- Work task -
Leaving the pictures out, print the lines from the first line of the listing through the line containing "Карандаши цветные акварельные", exactly as they read, and no others.

★ ★ ★

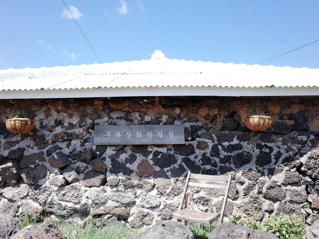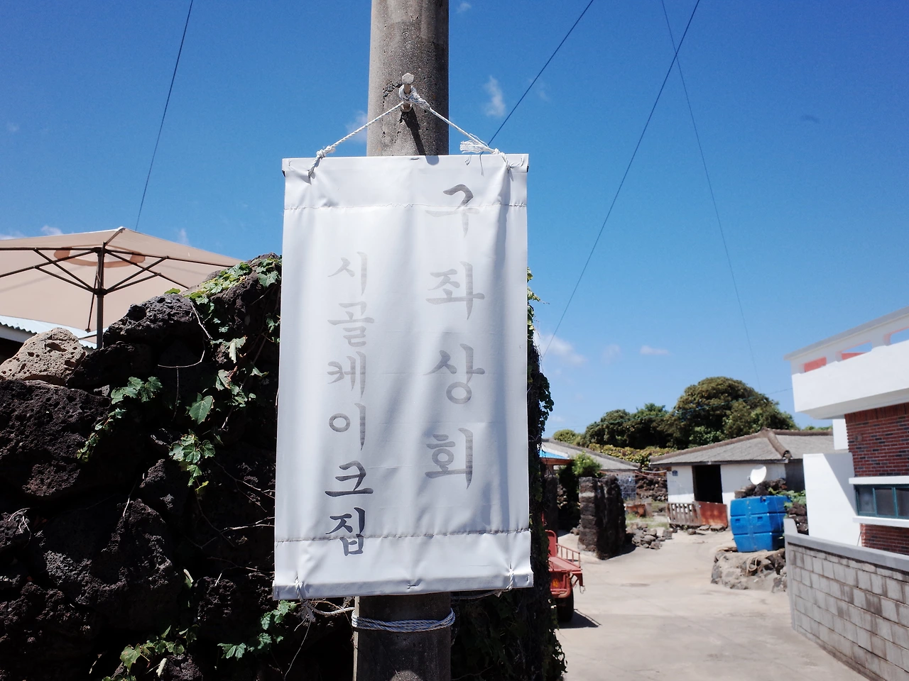 하시며 동네의 자랑인 것 마냥 즐거워하셨다. 몇몇 공간들이 마을 전체의 분위기를 바꾸고 있었다. 옛날 주택 같은 모습을 간직하고 있는 구좌상회라, 혹여나 지나칠세라 전봇대에는 전혀 이질감 없는 느낌의 이정표 현수막이 걸려 있었다.
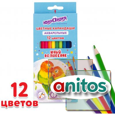 Карандаши цветные акварельные ЮНЛАНДИЯ "ЮНЫЙ ВОЛШЕБНИК", 12 цветов, шестигранные, заточенные, 181402
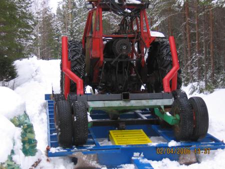 ..ja kärry mahtuu sopivasti kyytiin. Kärryn kuormaaminen ja paloittelu onnistuu Massikan kuormaajan avulla.
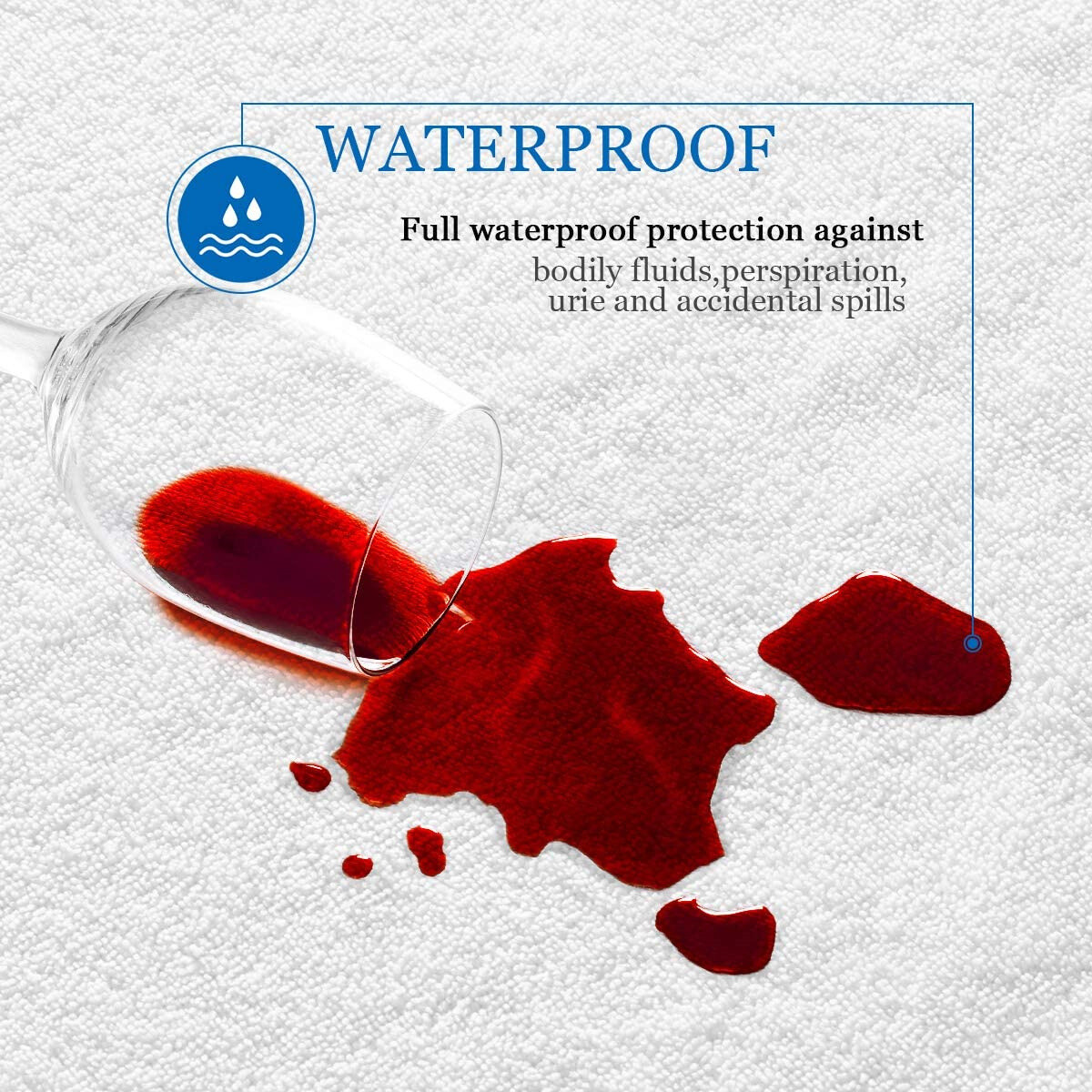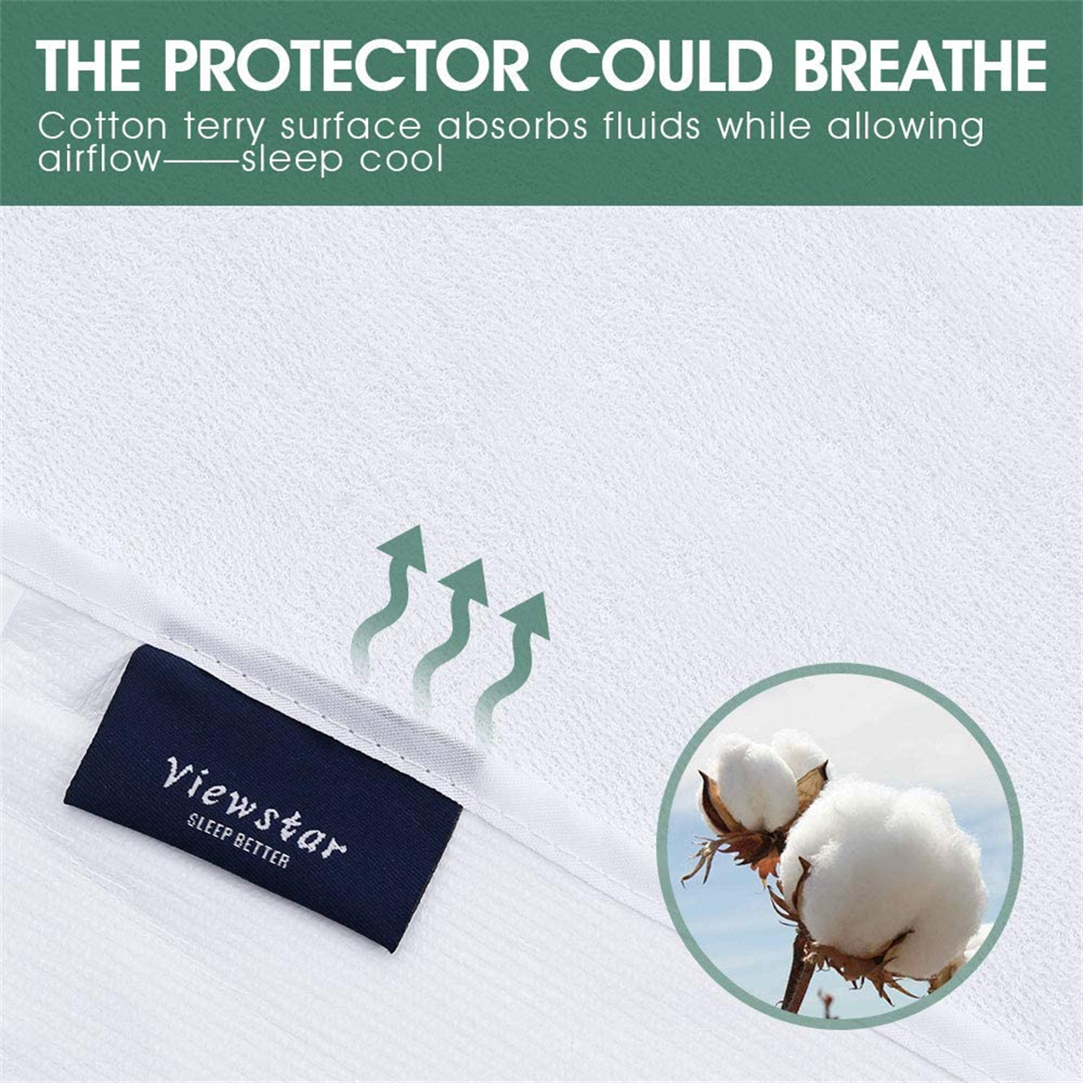 eBay Product description Ultra Smooth and Hypoallergenic: Our waterproof mattress protector top side is made from bamboo terry, which is a skin friendly and ultra soft fabric. With the waterproof membrane laminated back, it can protect the mattress from spills, liquids and stains, preventing the breeding of mold, dust mites and allergens, Especially suitable for those with kids, pets, or allergy, asthma, and eczema sufferers. Waterproof and Breathable: This mattress protector is lined with premium waterproof material (TPU) to prevent leakage. It is more breathable and noiseless, vinyl, phthalates and pvc free, full protection against urine and fluids, giving you a clean and healthy sleeping night. Strong Elastic and 360ᄚ Snug Fit : Fitted cover style design with strong elastic all around, that can ensure your mattress protector stay in place, avoid bunch up or slip out of place. Provide a more secure protection for your valuable mattress, extend the life of your mattress. Easy Care and Machine Washable: Machine washable and tumble dry a low setting. Our waterproof mattress pad covers are available in a range of sizes: Twin (39" x 75") , t he side skirt can automatically fit mattresses height up to 8-14 inch . Twin XL (39" x 80") , t he side skirt can automatically fit mattresses height up to 8-14 inch . Full (54" x 75") , t he side skirt can automatically fit mattresses height up to 8-14 inch . Full XL ( 54" x 80") , t he side skirt can automatically fit mattresses height up to 8-14 inch . Queen (60" x 80"), t he side skirt can automatically fit mattresses height up to 8- 18 inch . King (76" x 80") , the side skirt can automatically fit mattresses height up to 8- 18 inch . California King (72" x 84") , the side skirt can automatically fit mattresses height up to 8- 18 inch . You can choose which you need. We would recommend purchasing 2 mattress protectors. That you can use one to replace the other when accidents do occur.
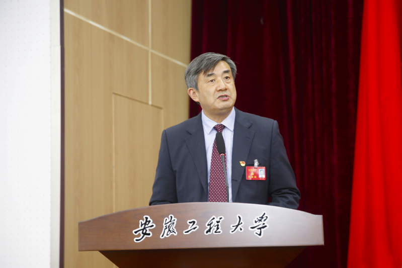 刘宁同志代表中国共产党安徽工程大学第一届委员会向大会作题为《聚焦内涵发展 写好奋进之笔 开启国内知名省内一流的地方特色高水平大学建设新征程》的工作报告。
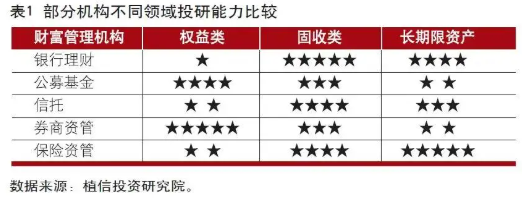 部分機構和領域的投研能力薄弱。一是國內財富管理機構普遍對海外市場研究不足,尤其是美股、美債及大宗商品等領域, 難以滿足客戶日益強烈的全球資產配置需求;同時,對於養老、ESG、碳排放等新興領域的投研能力同樣較為滯後。二是行業頭部機構的投研能力普遍較強,而中小型機構則劣勢明顯。三是券商資管和基金公司權益類資產投研能力相對較強,銀行理財、保險資管等相對較弱。四是除保險資管外,多數財富管理機構對於長期限資產的投研經驗略顯不足。五是一些領先的銀行私人銀行中心、第三方財富管理機構對於高淨值客戶、超高淨值客戶的高端化需求研究和把握較為深入,而其他部分財富管理機構尚未真正進入這一領域(見表1)。

★ ★ ★

- Response to this exercise -
 하시며 동네의 자랑인 것 마냥 즐거워하셨다. 몇몇 공간들이 마을 전체의 분위기를 바꾸고 있었다. 옛날 주택 같은 모습을 간직하고 있는 구좌상회라, 혹여나 지나칠세라 전봇대에는 전혀 이질감 없는 느낌의 이정표 현수막이 걸려 있었다.
 Карандаши цветные акварельные ЮНЛАНДИЯ "ЮНЫЙ ВОЛШЕБНИК", 12 цветов, шестигранные, заточенные, 181402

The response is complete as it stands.